The SSM interface endpoints accept only port 443 TCP from within the VPC CIDR (172.16.0.0/16). Nothing from outside the VPC can reach the endpoints.


Cost Considerations

Running this architecture continuously in us-east-1 will cost approximately:

Resource Approx. Monthly Cost
2x NAT Gateways (~$0.045/hr each) ~$65
2x t3.micro EC2 (on-demand) ~$17
1x Application Load Balancer ~$16
3x SSM VPC Interface Endpoints ~$21
S3 + DynamoDB remote state <$1
Total (approx.) ~$120/month

Cost reduction options for a non-production staging environment:

  • Use a single NAT Gateway (lose AZ redundancy, save ~$32/month) — acceptable for staging
  • Use Reserved Instances or Savings Plans for EC2 if the environment runs continuously
  • Delete the SSM endpoints and allow SSM traffic through NAT GW instead (tradeoff: loses private endpoint security)
  • Switch t3.micro to t4g.micro (ARM, ~20% cheaper) if workload is ARM-compatible

The billing alarm at $50 will alert before costs get out of hand during testing.

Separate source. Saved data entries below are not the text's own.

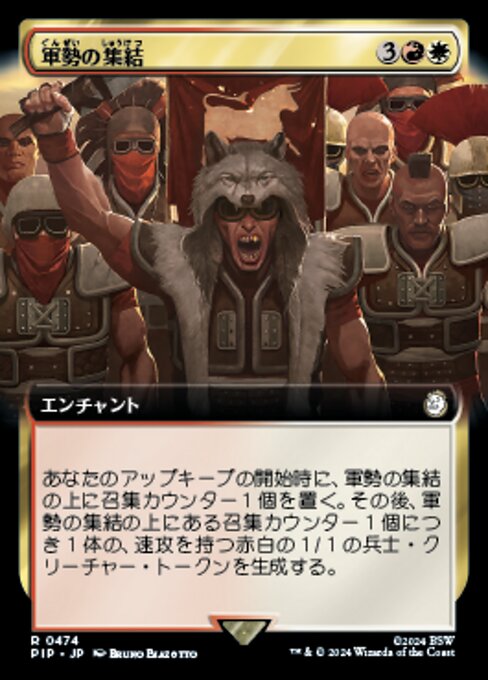 ![]() Variations— Parts— | 軍勢の集結あなたのアップキープの開始時に、軍勢の集結の上に召集カウンター1個を置く。その後、軍勢の集結の上にある召集カウンター1個につき1体の、速攻を持つ赤白の1/1の兵士・クリーチャー・トークンを生成する。
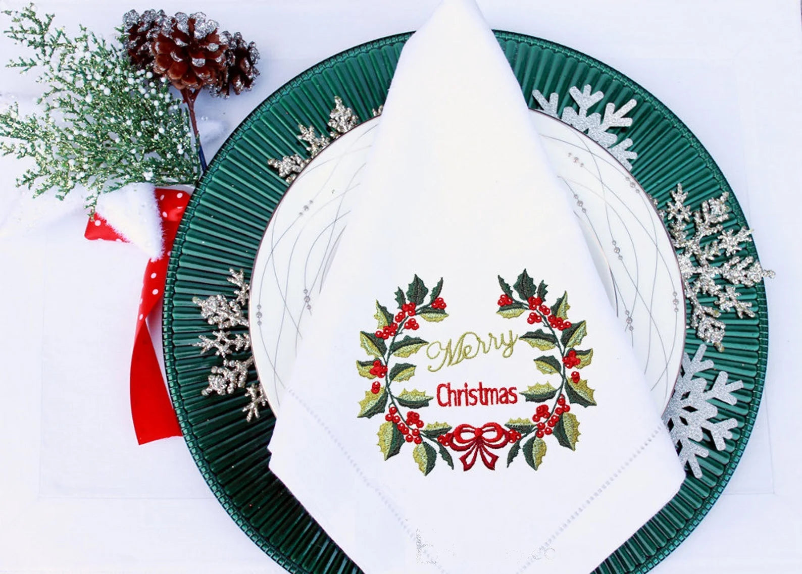 Elevate your holiday dining experience with our Christmas Monogram Embroidery Napkin and Placemat Set. Crafted from a luxurious blend of cotton and linen, this elegant table decoration features a classic hemstitch design adorned with beautiful embroidery of holly berries and personalized monograms or "Merry Christmas." Perfect for family gatherings, holiday dinners, or festive celebrations, this set adds a touch of sophistication and personalization to your table setting. Designed for both style and practicality, these napkins and placemats are easy to clean and sure to impress your guests.
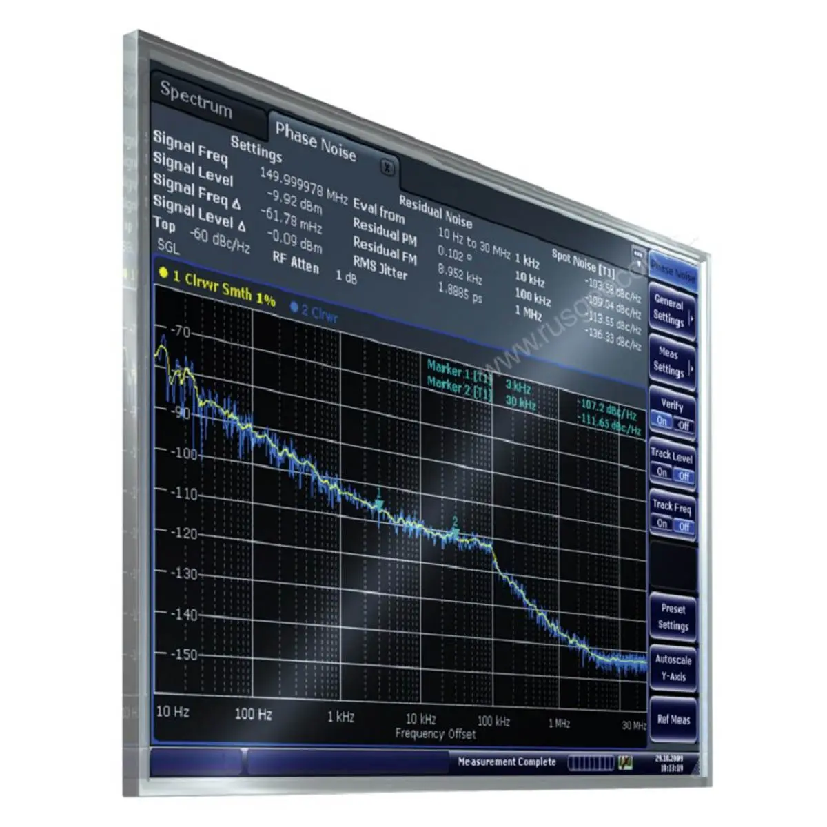 Оснащенные опцией R & S®FSV-K40, анализаторы R & S®FSV и R & S®FSVA могут измерять фазовый шум в одной боковой полосе в выбранном диапазоне частот смещения несущей с логарифмическим отображением диапазона смещения. На основании измеренного фазового шума пользователь также может определить остаточную FM / PM и джиттер.
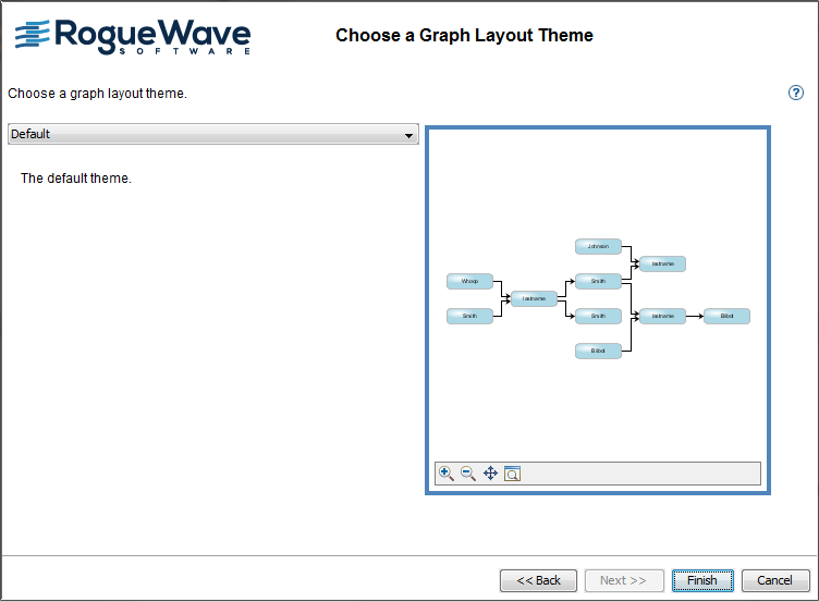 A graph layout theme applies styling to a graph layout to configure the way nodes and links are interconnected and arranged. A layout theme consists of a partial style sheet. It is a convenient way of applying a precustomized layout that you want to reuse in different projects.
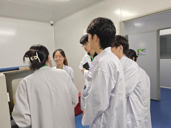 為保障實操規(guī)范安全,實踐團成員有序完成健康證辦理后,在企業(yè)培訓人員的指導下開展系統(tǒng)培訓。培訓中,成員們重點學習《食品安全國家標準》,掌握產(chǎn)品檢測全流程及崗位核心要點。“檢測數(shù)據(jù)的小數(shù)點后兩位可能就決定著產(chǎn)品的合格與否,規(guī)范操作是底線。”企業(yè)培訓人員在講解時強調(diào)。通過培訓,成員們不僅明晰了規(guī)范操作的底層邏輯,更樹立起“安全為基、質(zhì)量為魂”的職業(yè)意識。
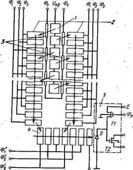 Рис.2. Схема трехтактного сдвигового регистра на ПЗС:
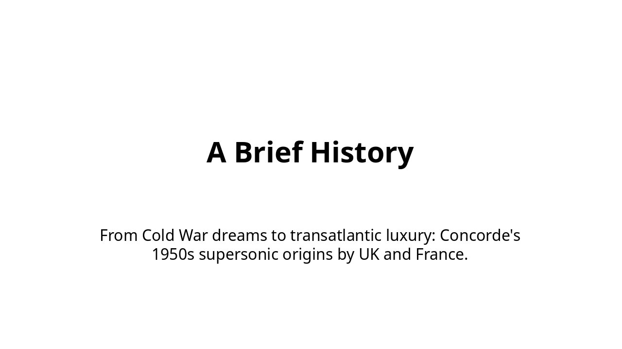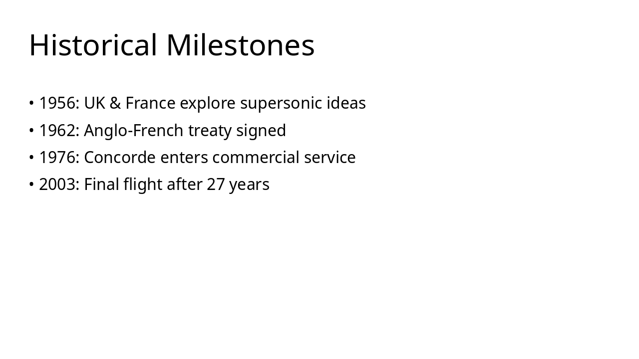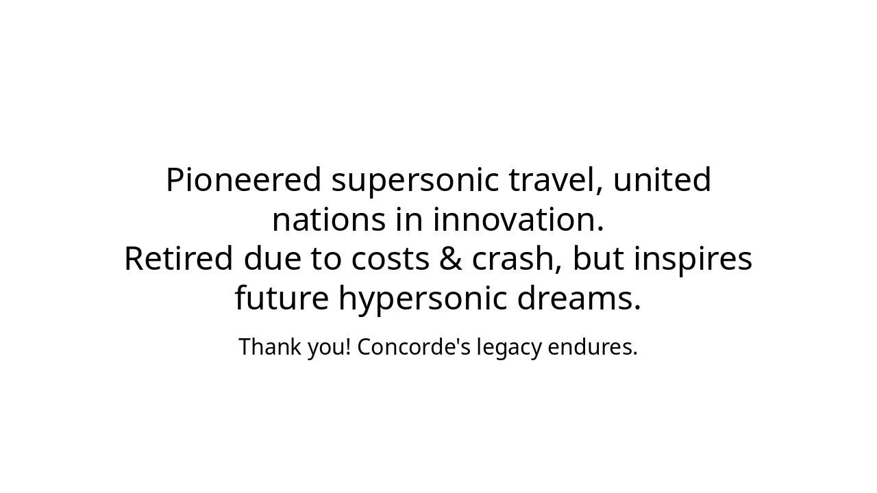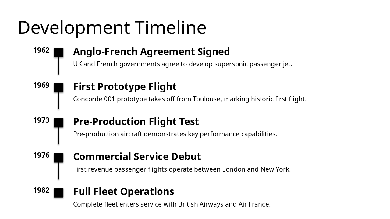 This agenda slide outlines a presentation on the Concorde supersonic jet, starting with its history and early concepts. It then covers the development timeline, creators' roles, key features like delta wings and Mach 2 speed, and technical stats with its legacy.
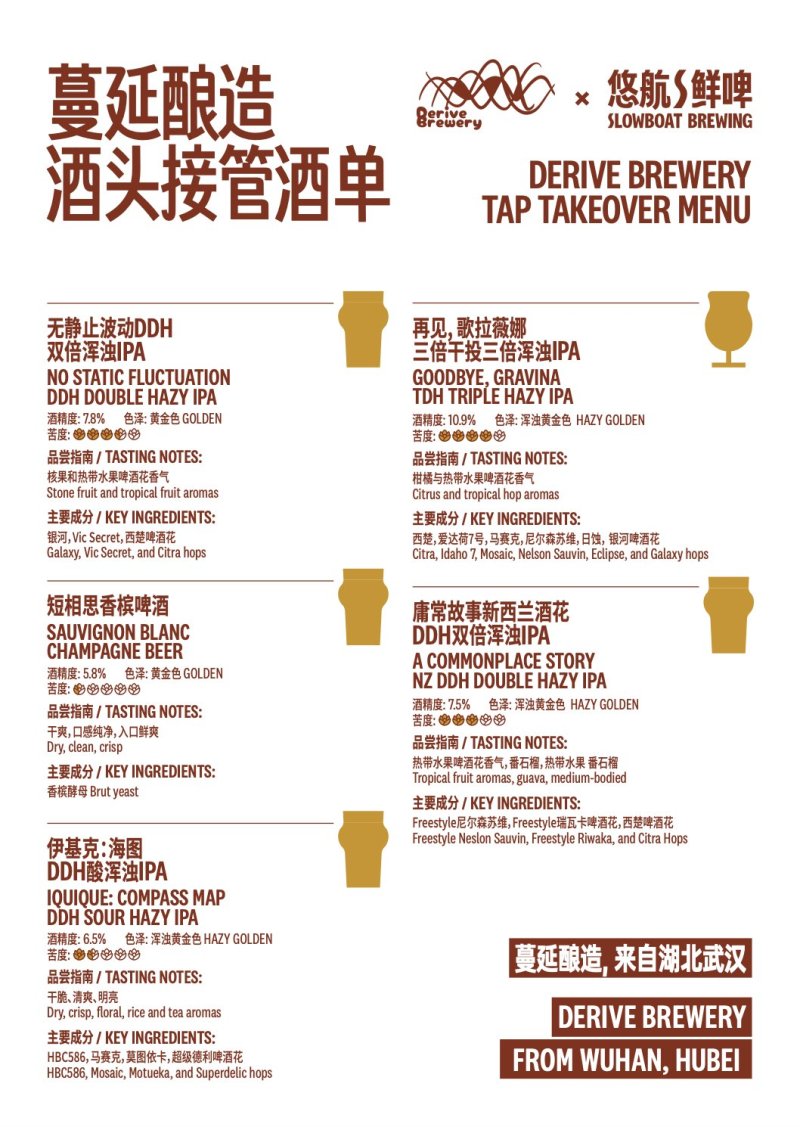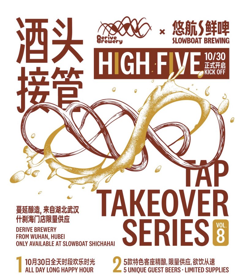 Slowboat’s HIGH FIVE Tap Takeover series returns for its eighth edition with five limited-edition beers from Wuhan’s Derive Brewery, which specializes in classic and new world beers with a focus on clean, innovative brewing. The takeover kicks off on Thursday (Oct 30), with all guest beers RMB 10 all day long. Slowboat will also be unveiling their collaboration brew, Post-West Coast Monkey Fist DDH Double IPA, at the event, so this is one tap takeover you won’t want to miss!
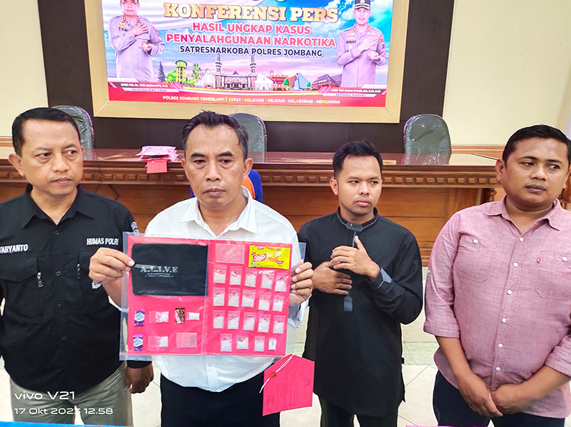 JATIMPOS.CO/JOMBANG - Berbagai macam modus dilakukan pelaku pengedar narkoba jenis sabu ini yang terbilang unik, betapa tidak. Tersangka yakni Samsul Arifin (31 tahun) seorang tukang baner selundupkan sabu dalam kemasan jajan dan permen untuk mengelabui petugas.
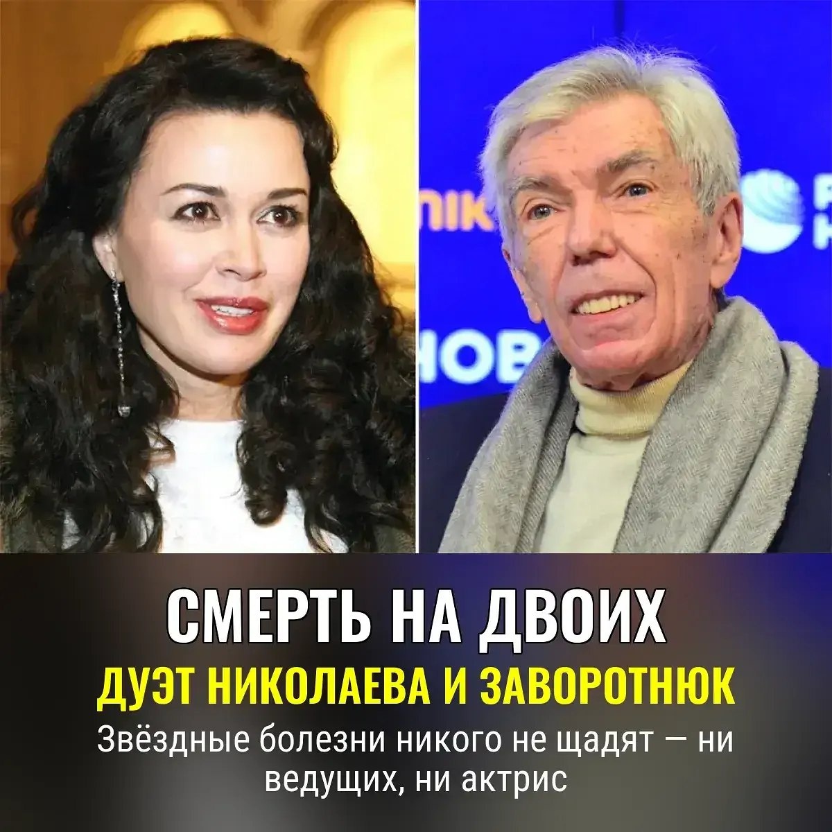Анастасия Заворотнюк по очереди прошли через испытание, которое не выдерживают даже звёзды. 🎭 Николаев, признавшийся и в похмельях, и в "звездной болезни", справился с отстранением от эфира — но не с раком кишечника. О диагнозе молчал, работал до последнего, улыбался экрану. В это же время Заворотнюк — невероятная, энергичная, вечная «няня», весь год списывала мучительные симптомы на усталость, а потом услышала страшный приговор: глиобластома мозга. Шанс был — в Германии, операция, долгие шесть лет на поддержке, борьба и кома. Легендарный тандем — ярче только судьба: похоронены оба на Троекуровском кладбище, ушли после долгой стойкой битвы с болезнью, перед которой меркнет даже телевизионный свет. 🦠🕯️ Узнать подробности
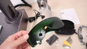 I don’t like the included safety glasses since they are a bit cheap for this kind of machine, and I recommend spending a few more dollars on THESE OD6+ safety glasses which I use and are still very cheap, but offer much more protection. Fiber lasers are very powerful, and you must protect your eyes.
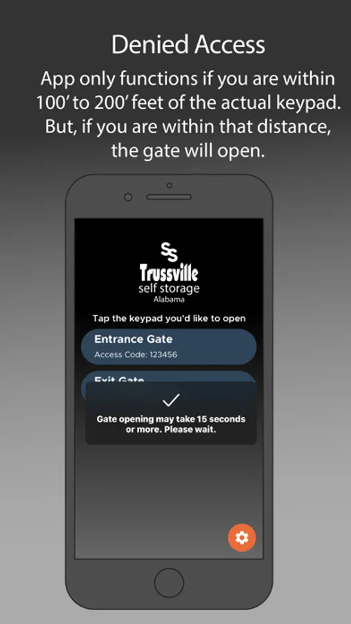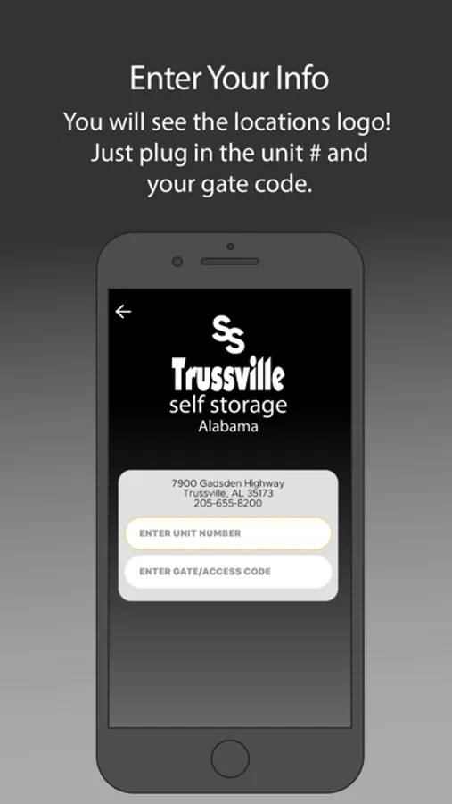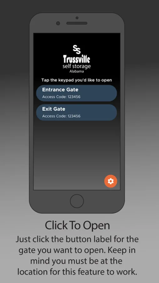 Make life easy! Simply open the Self Storage Gate Access App and click open to open the entrance gate at your location. It's really that simple.
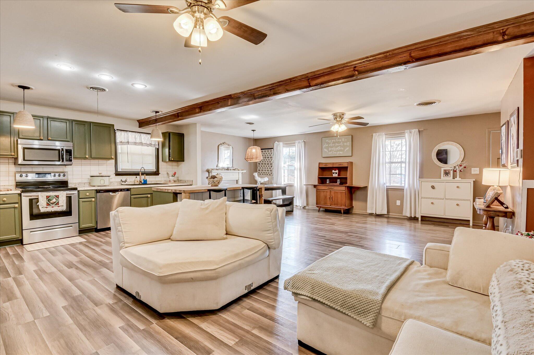This beautifully refreshed brick ranch-style home offers 3 bedrooms and 2 full bathrooms, thoughtfully open designed to blend comfort, functionality, and inviting charm. Recent upgrades include a newer roof, a young HVAC system, and sleek stainless-steel appliances. Both bathrooms feature tile flooring, while the owner's suite boasts an oversized, fully tiled shower that adds a spa-like touch. The updated kitchen shines with tasteful renovations, highlighted by an all-wood countertop island that brings warmth, character, and additional prep space. A spacious, light-filled sunroom provides versatile year-round living, perfect for a home office, playroom, or hobby space. Step outside to the covered front porch before heading into a backyard built for entertaining, complete with a fire pit, surrounding privacy fencing, and a storage shed. Additional highlights include an attached carport and concrete parking pad. SOLD AS IS.
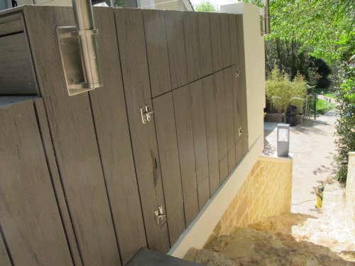 Habillage des côtés du jacuzzi et création d’une porte pour l’accès au bloc technique.
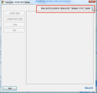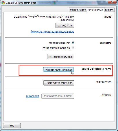 - בחלונית החדשה שנפתחה, בטל את "אפשר ל'מילוי אוטומטי' למלא טופסי אינטרנט בלחיצה אחת". ולחץ על "סגור".
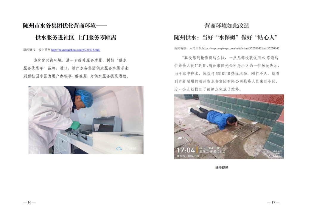 為全面提升供水服務(wù)水平,優(yōu)化供水營商環(huán)境,隨州水務(wù)集團(tuán)推出“水保姆”供水服務(wù)新模式,建立“供水服務(wù)網(wǎng)格員”隊(duì)伍,通過開展清表核查、網(wǎng)格劃分、聯(lián)合社區(qū)共同解決用戶問題等亮點(diǎn)行動(dòng),讓百姓暖心,讓企業(yè)放心。
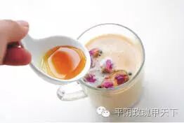 玫瑰花能降火气,可调理血气、促进血液循环、养颜美容,且有消除疲劳、保护肝脏胃肠功能的功效。蜂蜜 含有丰富的氨基酸和果糖,具有排毒养颜 减少色素沉着,淡化色斑、润肠通便的功效。 牛奶味甘性微寒,具有生津止渴、滋润肠道、清热通便、补虚健脾等功效。因此,用它们来调制奶茶,既养身又养颜,是女性朋友不可或缺的健康饮品。
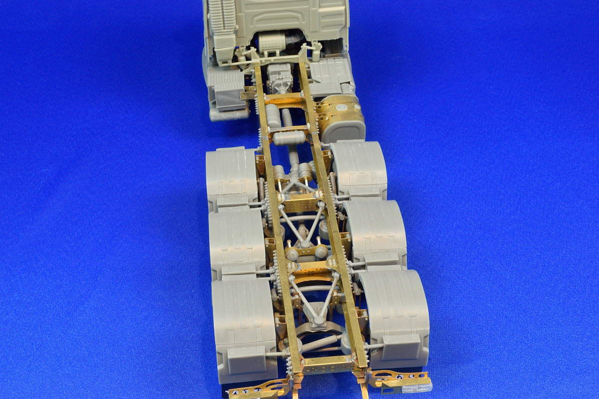 Highly detailed 8×4 air spring tridem chassis with lifting steering trailing axle for Swedish construction truck. Scale 1/24.
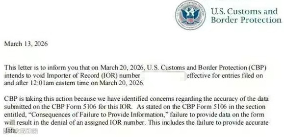而3月13日,CBP发布重磅通知,宣布自3月20日美东时间凌晨12:01起,大批不合规IOR编号将正式作废。
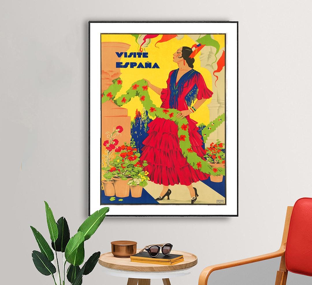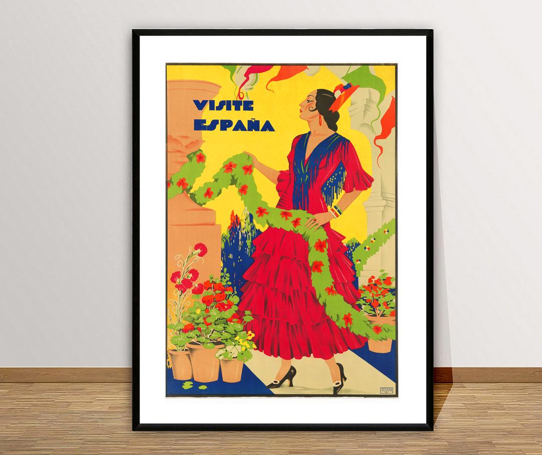 Visite Espana Vintage Travel Poster - Poster Paper or Canvas Print / Gift Idea
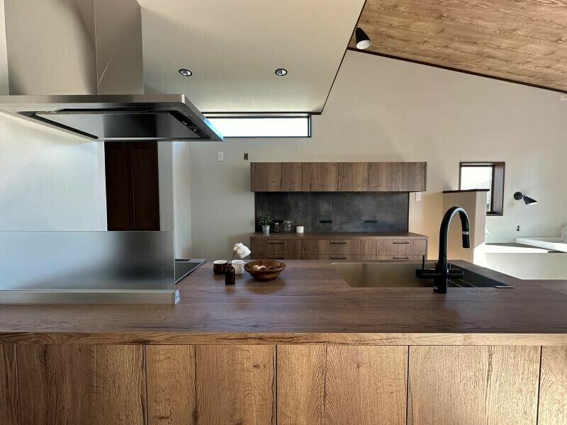 【完成見学会】理想のキッチンがあってダークトーンの木に囲まれた32坪の平屋(浜松市中区富塚町)
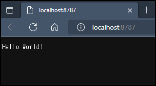 웹 브라우저에서 http://localhost:8787 로 접속하면 ‘Hello World!’라는 문자열을 확인할 수 있습니다.
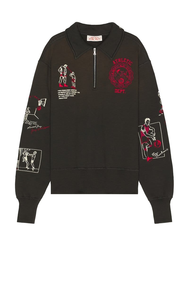 The Revolve Varsity 1/4 Zip Sweater with Graphic Design in Brown is available in sizes XXXL, XXL, XL, XS, L, M, S.

To analyze actual spend by project, enable the Project tag in AWS Cost Explorer: Billing > Cost Explorer > Tags > Activate user-defined cost allocation tags > Project


Known Extensions

These are not in scope for this submission but worth noting:

  • SSL/TLS via ACM: Add aws_acm_certificate + DNS validation + HTTPS listener on the ALB. Requires a domain you control.
  • EKS cluster: The Helm chart and GitHub Actions workflow are ready; only the cluster itself is absent.
  • Multi-account Terragrunt: The root terragrunt.hcl is structured to support an account-id/region/environment/ hierarchy for multi-account orgs.
  • Auto-rotate AMI: A scheduled GitHub Actions workflow or Lambda that runs packer build weekly and triggers an ASG instance refresh with the new AMI ID.